9.2 Immediate Termination: We may terminate immediately if Customer:
- Fails to pay fees within ten (10) days of written notice
- Violates these Terms or our Acceptable Use Policy
- Engages in fraudulent or illegal activities
9.3 Effect of Termination: Upon termination:
- Customer’s access to the Service ends immediately
- All outstanding fees remain due and payable
- We may retain data for legal compliance purposes
- Customer must remove all Service components from their website
10. DATA AND PRIVACY
10.1 Data Processing: We process Customer and guest data as necessary to provide the Service.
10.2 Data Security: We implement reasonable security measures but cannot guarantee absolute security of data transmission or storage.
10.3 Data Backup: Customer is responsible for maintaining backups of critical business data outside the Service.

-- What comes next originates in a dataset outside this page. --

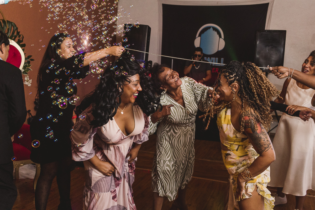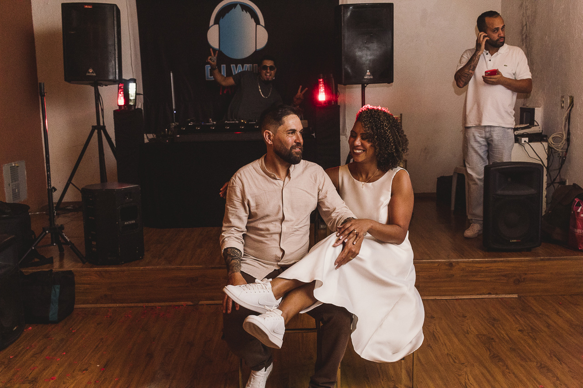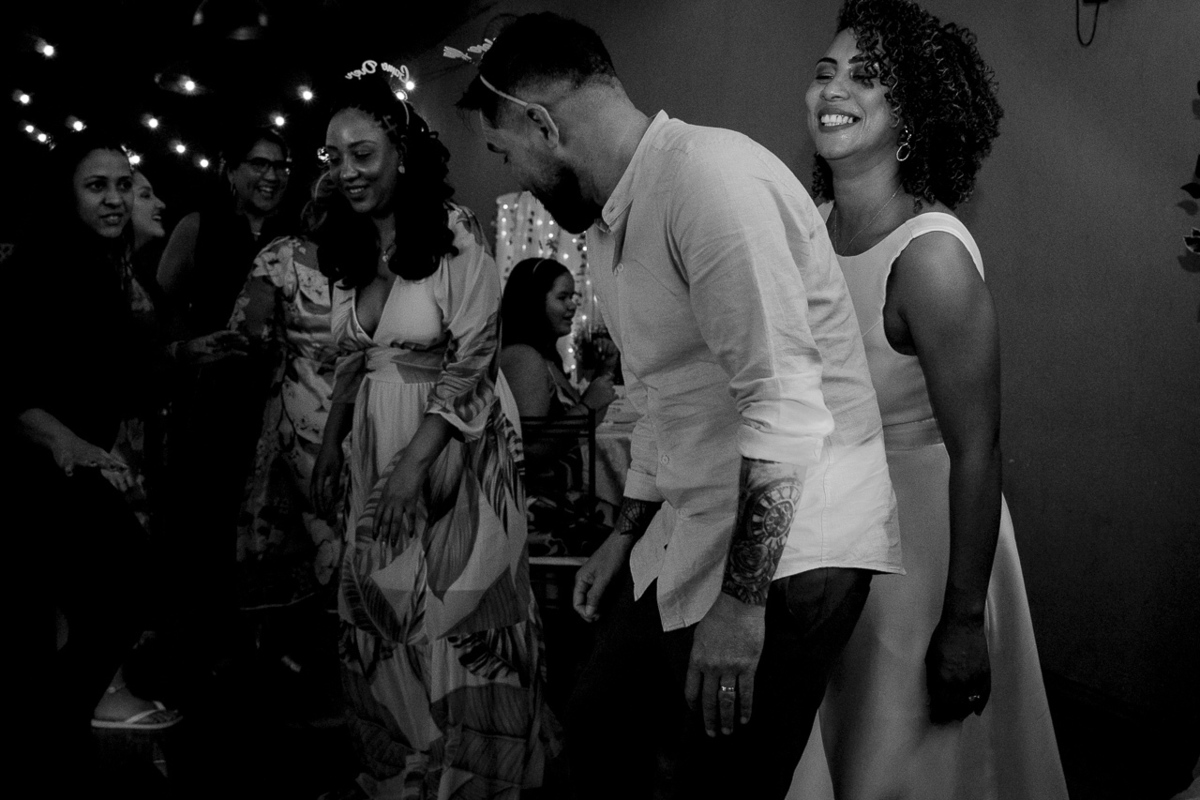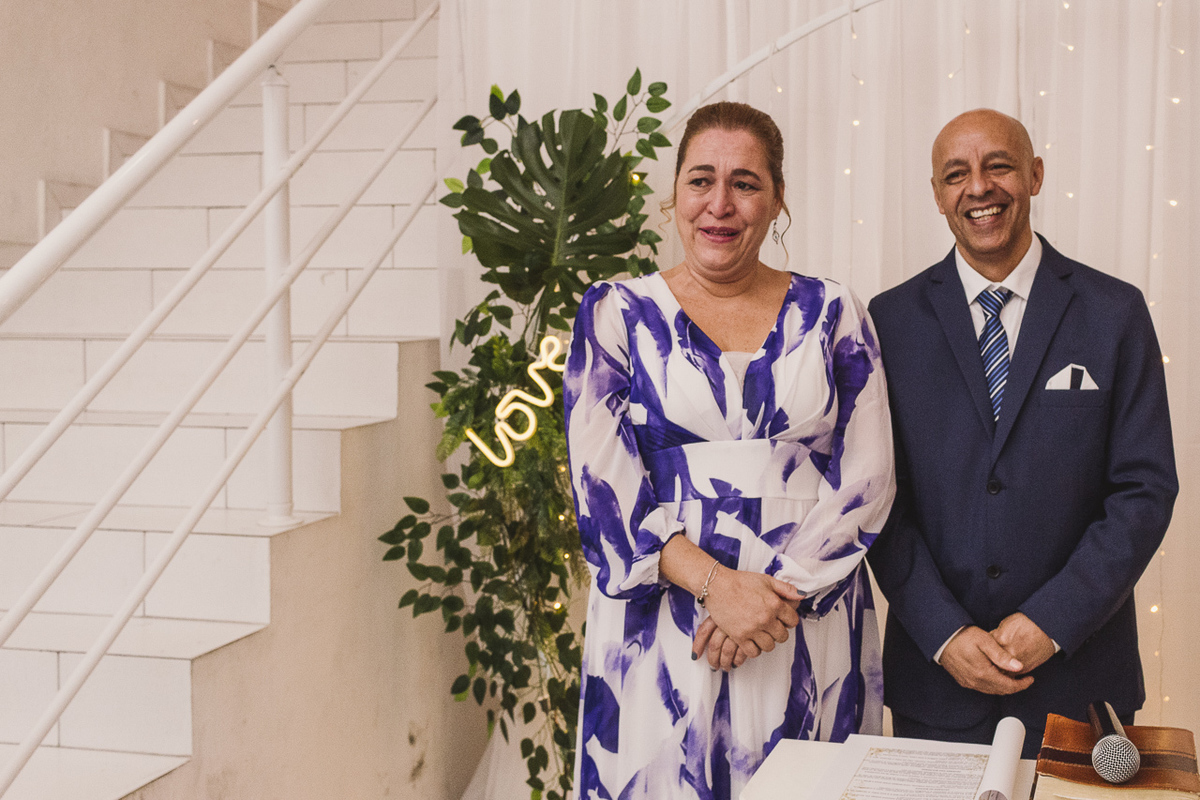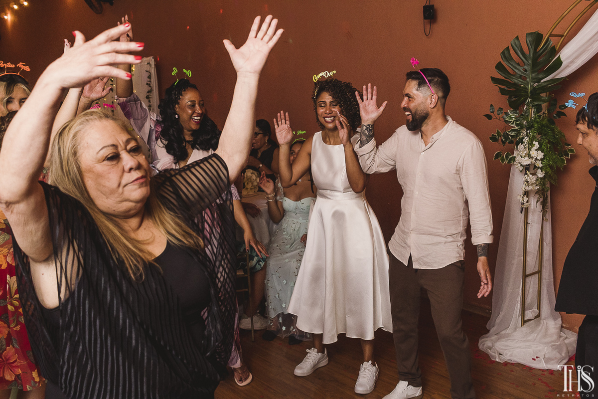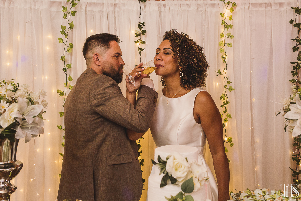 A cerimônia foi emocionante, com homenagens significativas e a presença de todos os convidados que eles tanto queriam compartilhar aquele momento especial. A valsa dos noivos ao som da uma música do casal e a brincadeira divertida com os convidados tornaram a festa ainda mais animada e inesquecível.

10.4 Breach Notification: In the event that we become aware of any unauthorized access to or disclosure of Customer Data under our control (a “Security Breach”), we will notify Customer without undue delay, and in any event within seventy-two (72) hours of confirming the Security Breach. Such notification will describe the nature of the breach, the data involved, and the measures we are taking to address it. We will reasonably cooperate with Customer in any investigation relating to the Security Breach.
11. CONFIDENTIALITY
Both parties agree to maintain confidentiality of the other’s proprietary information and trade secrets. This obligation survives termination indefinitely.
12. DISPUTE RESOLUTION
12.1 Governing Law: These Terms are governed by Louisiana law without regard to conflicts of law principles.
12.2 Arbitration: Any disputes shall be resolved through binding arbitration under American Arbitration Association Commercial Rules in New Orleans, Louisiana. Prevailing party entitled to reasonable attorney’s fees.
12.3 Injunctive Relief: Either party may seek injunctive relief in court for breaches involving intellectual property or confidential information.
13. NON-SOLICITATION
13.1 During the term of this Agreement and for a period of twelve (12) months thereafter, Customer shall not, directly or indirectly, solicit, induce, recruit, or encourage any of Company’s employees or independent contractors to terminate their relationship with Company, or attempt to hire such employees or contractors, without Company’s prior written consent.
14. GENERAL PROVISIONS
14.1 Independent Contractors: The parties are independent contractors with no partnership, joint venture, or agency relationship.
14.2 Modification: We may modify these Terms with thirty (30) days’ notice to existing customers. Continued use constitutes acceptance.
14.3 Severability: Invalid provisions do not affect the validity of remaining Terms.
14.4 Assignment: Customer may not assign this agreement without our written consent. We may assign to affiliates or in connection with business sale.
14.5 Entire Agreement: These Terms, together with our Privacy Policy and any applicable written amendments specifically referencing these Terms, constitute the complete agreement between the parties. Verbal agreements and email discussions do not modify these Terms unless formally documented in writing and signed by both parties.
14.6 Survival: Sections regarding payment obligations, intellectual property, limitation of liability, indemnification, and confidentiality survive termination.